# [Problem details]
Although the data below holds other lines too, output only those from the line with "Korean Tulip Flower" up to and including the line with "Вопрос: 10Соком какого", exactly as they appear.

# [Data extract]
──────

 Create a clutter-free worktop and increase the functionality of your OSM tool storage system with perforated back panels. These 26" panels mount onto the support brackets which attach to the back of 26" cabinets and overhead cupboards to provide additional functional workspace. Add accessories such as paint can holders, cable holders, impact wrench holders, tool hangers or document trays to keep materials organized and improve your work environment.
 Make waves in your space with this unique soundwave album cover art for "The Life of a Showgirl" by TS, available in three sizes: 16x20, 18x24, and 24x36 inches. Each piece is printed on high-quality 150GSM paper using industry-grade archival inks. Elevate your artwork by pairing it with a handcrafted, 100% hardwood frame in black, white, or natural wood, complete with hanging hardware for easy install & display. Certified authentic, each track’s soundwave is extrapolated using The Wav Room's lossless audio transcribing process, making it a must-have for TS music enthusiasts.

──────

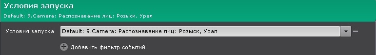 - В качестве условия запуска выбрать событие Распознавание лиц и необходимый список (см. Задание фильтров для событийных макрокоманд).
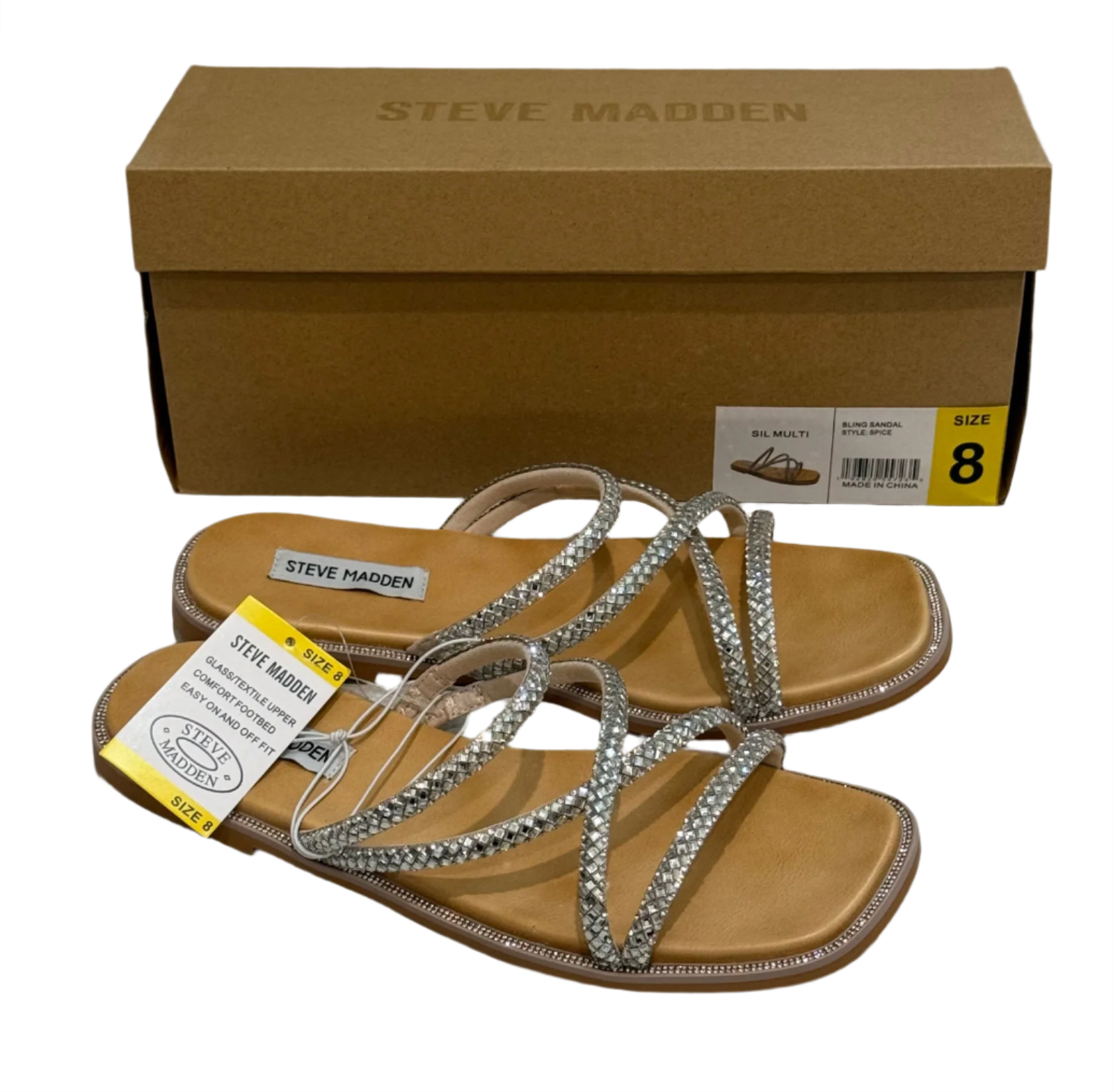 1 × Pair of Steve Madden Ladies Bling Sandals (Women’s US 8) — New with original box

──────

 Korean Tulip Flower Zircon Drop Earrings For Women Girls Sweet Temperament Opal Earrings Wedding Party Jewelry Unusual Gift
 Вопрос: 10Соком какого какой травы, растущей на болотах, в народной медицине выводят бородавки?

──────

# [Reply]
 Korean Tulip Flower Zircon Drop Earrings For Women Girls Sweet Temperament Opal Earrings Wedding Party Jewelry Unusual Gift
 Вопрос: 10Соком какого какой травы, растущей на болотах, в народной медицине выводят бородавки?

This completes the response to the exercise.